----- Data segment

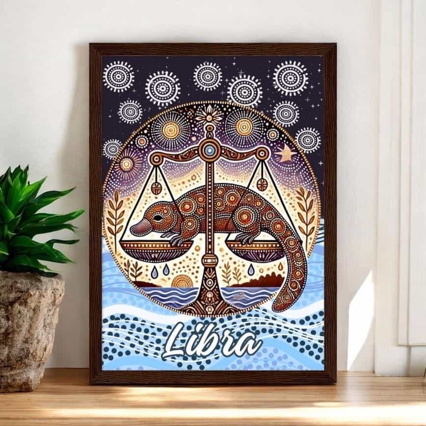 Libra Scales with Platypus Celestial Aboriginal Dot Art wood framed print
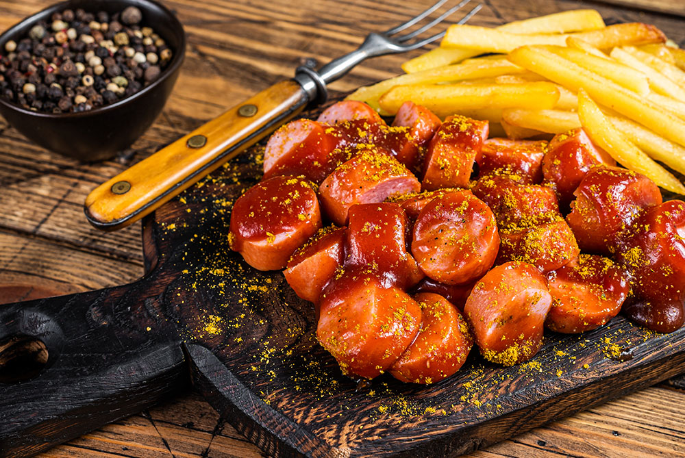 Currywurst, Trüffelpommes und veganes Kichererbsencurry
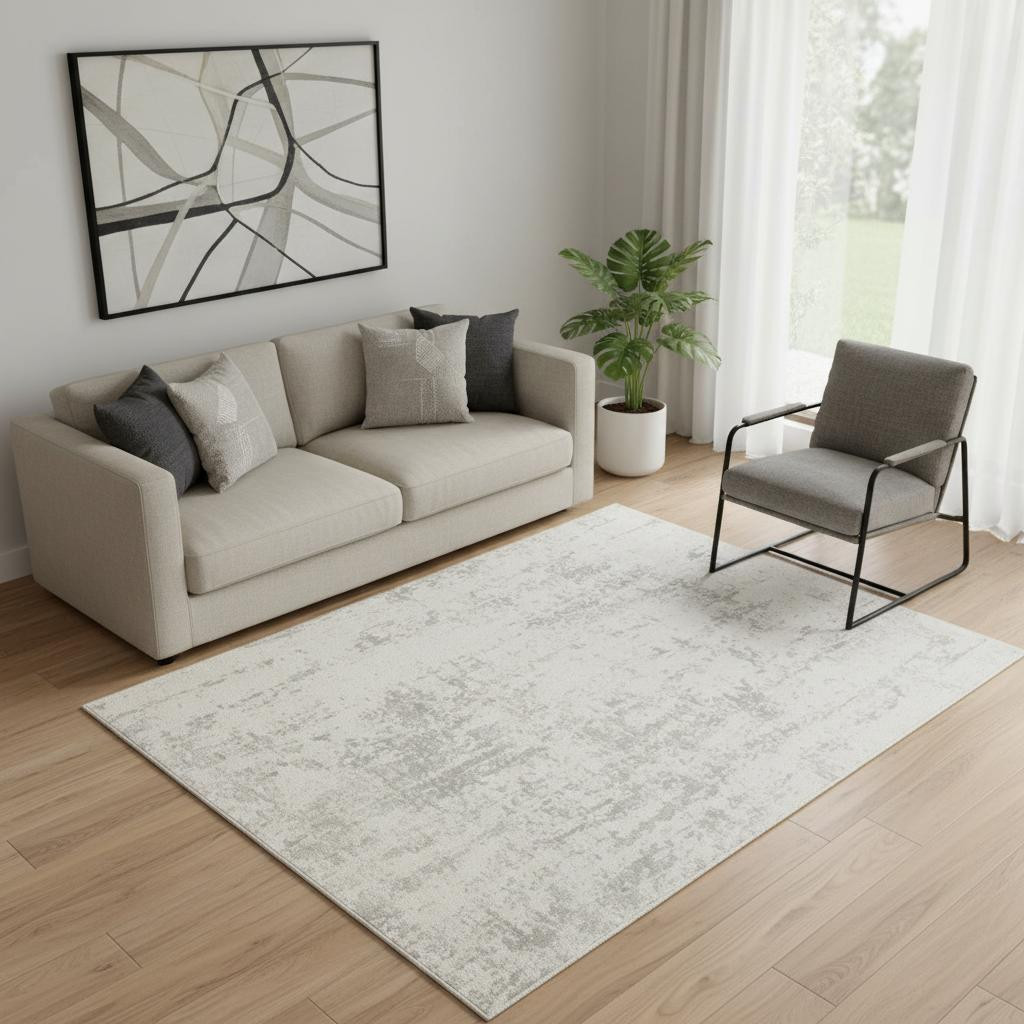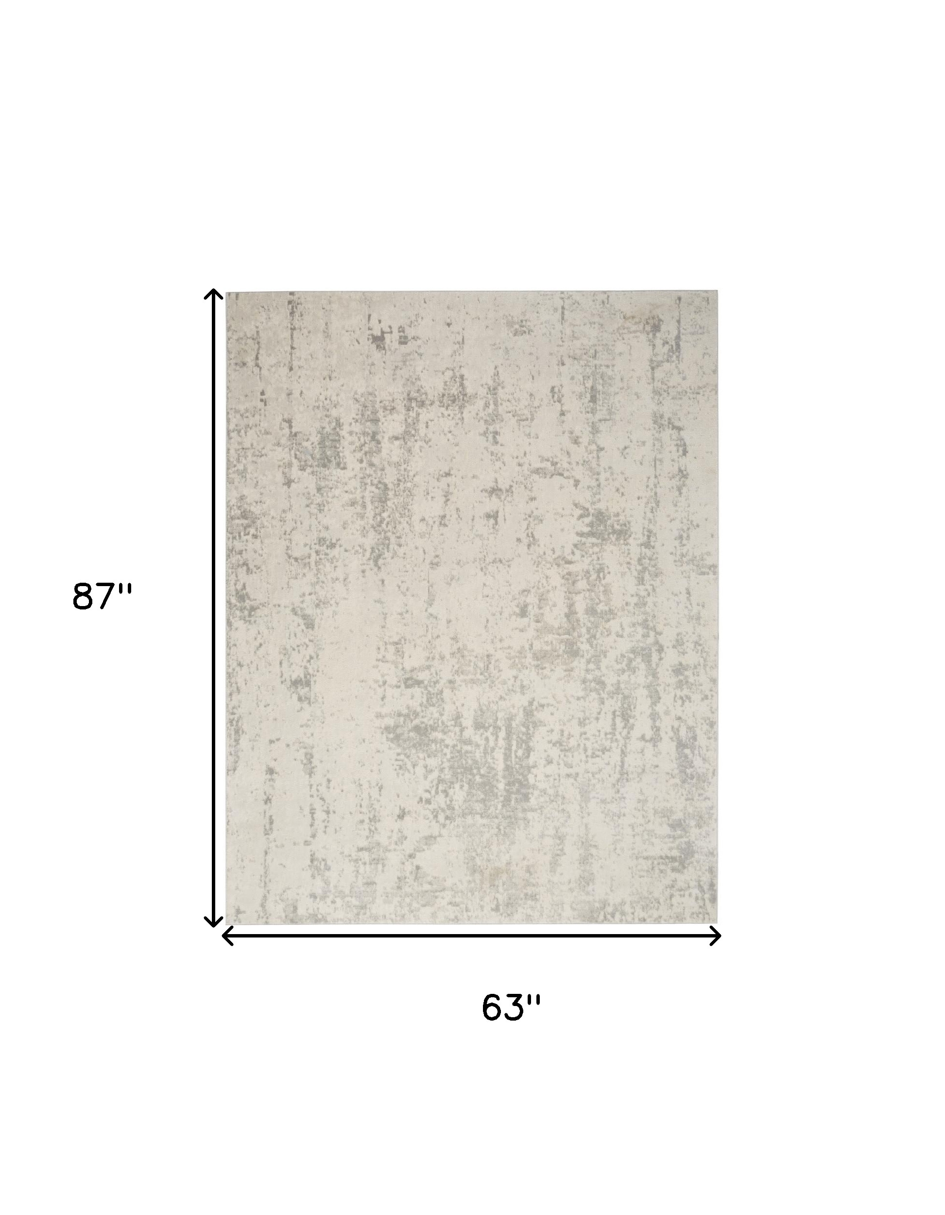 Set an inviting tone in your space with this 5-foot x 7-foot gray and ivory abstract area rug. Built to last, this rug crafted from polypropylene and polyester fibers is known for its durability and long lasting appeal. Rugs are a great way to showcase your style, hide imperfections, warm your home and reduce noise. This larger sized, modern styled rug is ready to create a focal point or statement piece in your room. 63-inch h x 87-inch w x 0.32-inch d.
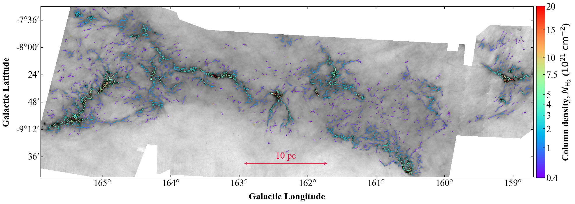 허셜 우주 관측소는 필라멘트, 즉 길쭉한 밀집 가스 구조가 분자 구름에 어디에나 존재하며 별 형성 과정의 중심이라는 것을 밝혀냈다. 이들은 중력적으로 묶인 코어로 분열되며, 이 중 대부분은 별로 진화한다. 가스의 지속적인 강착, 기하학적 굽힘, 자기장은 필라멘트가 분열되는 세부적인 방식을 제어할 수 있다.

----------

Exercise prompt: Restate the data exactly, though only from the line that contains "Currywurst, Trüffelpommes und" through its last line, both ends included and with the pictures left out.

Result below:
 Currywurst, Trüffelpommes und veganes Kichererbsencurry
 Set an inviting tone in your space with this 5-foot x 7-foot gray and ivory abstract area rug. Built to last, this rug crafted from polypropylene and polyester fibers is known for its durability and long lasting appeal. Rugs are a great way to showcase your style, hide imperfections, warm your home and reduce noise. This larger sized, modern styled rug is ready to create a focal point or statement piece in your room. 63-inch h x 87-inch w x 0.32-inch d.
 허셜 우주 관측소는 필라멘트, 즉 길쭉한 밀집 가스 구조가 분자 구름에 어디에나 존재하며 별 형성 과정의 중심이라는 것을 밝혀냈다. 이들은 중력적으로 묶인 코어로 분열되며, 이 중 대부분은 별로 진화한다. 가스의 지속적인 강착, 기하학적 굽힘, 자기장은 필라멘트가 분열되는 세부적인 방식을 제어할 수 있다.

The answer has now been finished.